Nation, maintenant. Au départ, c’est-à-dire au Moyen-Âge, le terme couvrait des collectivités assez réduites. Du temps de Philippe Auguste, la Nation, telle qu’elle est apparue à la bataille de Bouvines, c’était en gros le Roi et la noblesse qui combattait avec lui. A la Sorbonne, l’on parlait par exemple de nation hongroise pour évoquer la communauté des étudiants hongrois qui s’y regroupait. C’est avec la Révolution française que le terme s’est étendu à l’ensemble des Français, d’où l’expression de « Grande Nation », très mal interprété d’ailleurs par les Allemands, qui y voyaient une marque d’orgueil national. La Grande Nation, c’était la famille élargie à l’ensemble des Français, c’était une façon de dire que tous les Français appartenaient au fond à la même grande famille.

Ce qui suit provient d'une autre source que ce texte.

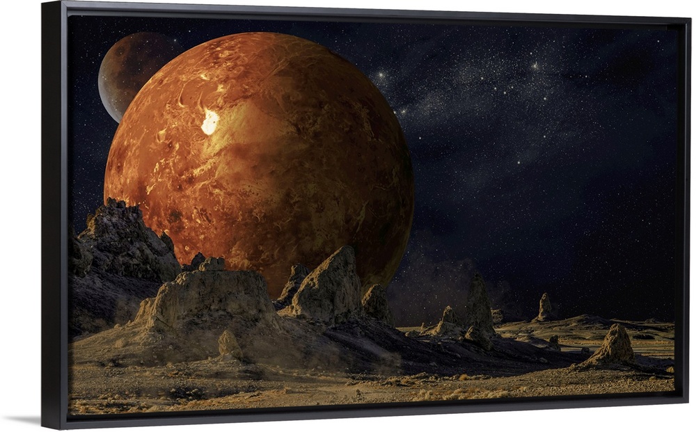 <p>View of Venus and moon from the surface of mars, a composite image.</p>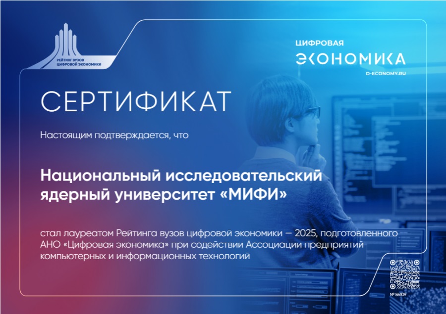 The National Research Nuclear University MEPhI received a congratulatory letter: "ANO Digital Economy congratulates the National Research Nuclear University MEPhI on its inclusion in the leaders of the national ranking of universities of digital economy in 2025. This is a significant achievement that confirms your significant contribution to the training of highly qualified IT specialists for the Russian digital economy. We wish your university continued continuous growth, new significant achievements and fruitful development!"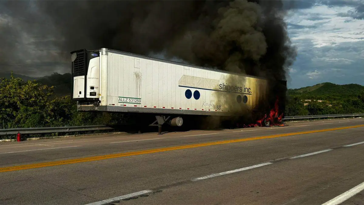 Se incendia caja de tráiler con filetes empacados por la Mazatlán-Tepic en Escuinapa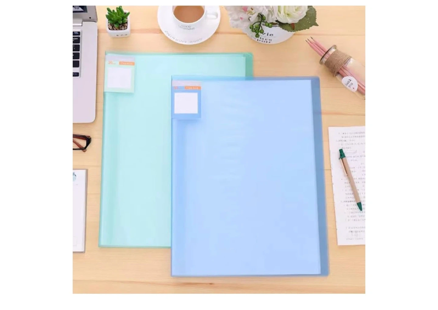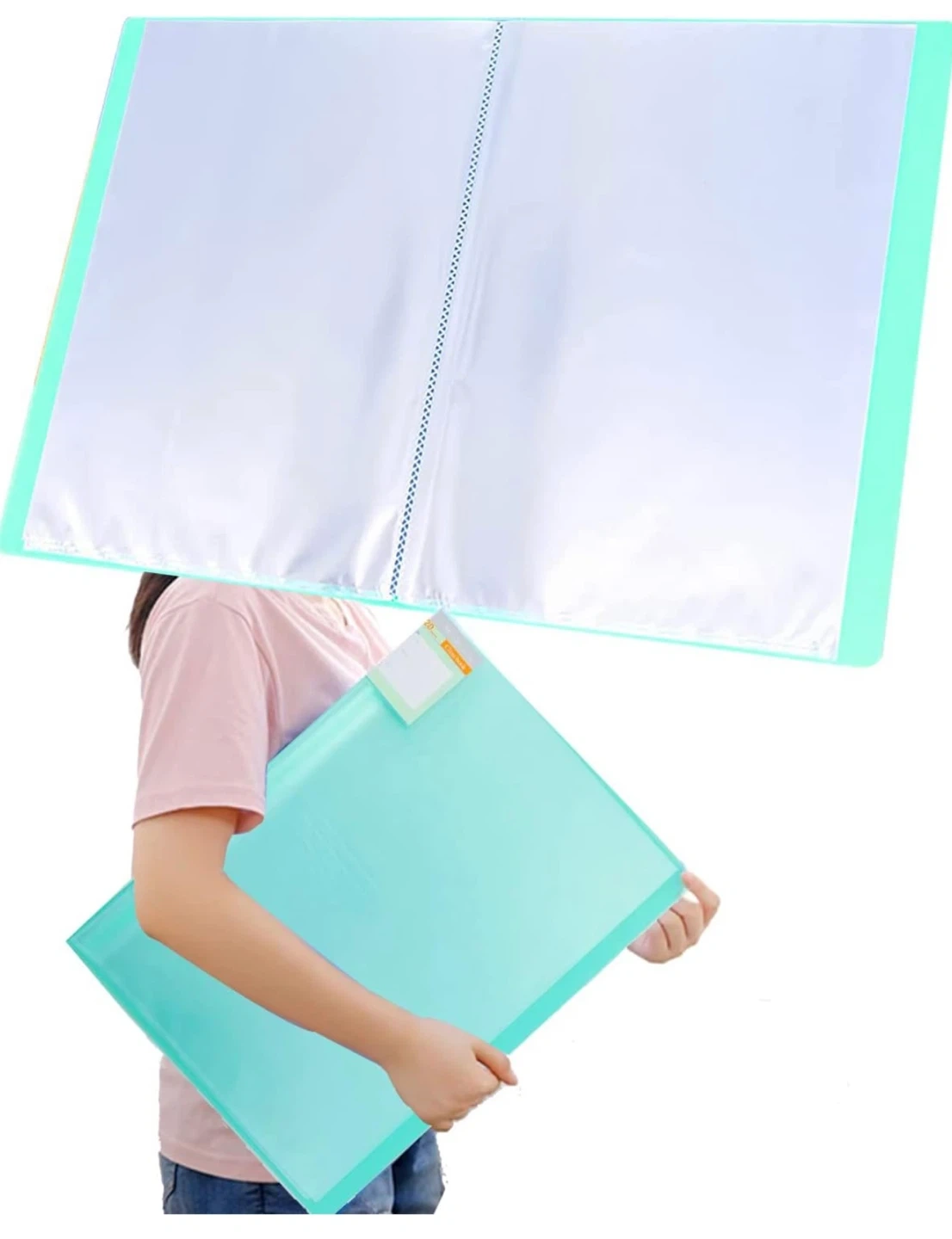 This portfolio binder comes in an aqua blue colour and measures 32cm by 43cm. It's made with a fold-resistant and waterproof material, featuring clear, non-glare, archival-safe pockets for your documents. The binding is firm, ensuring pages don't fall out easily.

Une fois dit tout cela, ayant donc éliminé tout le flou qui entoure les tentatives de définition d’une identité collective, l’on voit bien que ce qui reste quand on tente de cerner les fondements du sentiment d’appartenance à une collectivité nationale, c’est précisément l’envie d’y appartenir. La nation française, c’est la collectivité des gens qui ont envie de vivre ensemble comme dans une grande famille : une grande famille où l’on se bagarre, où l’on s’engueule sans doute, mais pas au point de rompre le pacte implicite de continuer, quoi qu’il en coûte, de vivre ensemble, notamment parce qu’on partage un certain nombre de mêmes souvenirs (pas forcément bons d’ailleurs, loin de là…) et donc une même histoire. Ceci n’a rien d’original, c’est la conclusion à laquelle sont parvenus tous les penseurs qui se sont penchés sur la question. Et si le débat qui est lancé par le Gouvernement était honnête (mais on peut en douter), c’est la seule conclusion à laquelle il puisse parvenir.

François Nicoullaud est ancien Président de l’association Français du Monde-ADFE, et ancien ambassadeur de France en Iran et en Hongrie. Cettre tribune est tirée du site de FdM-ADFE.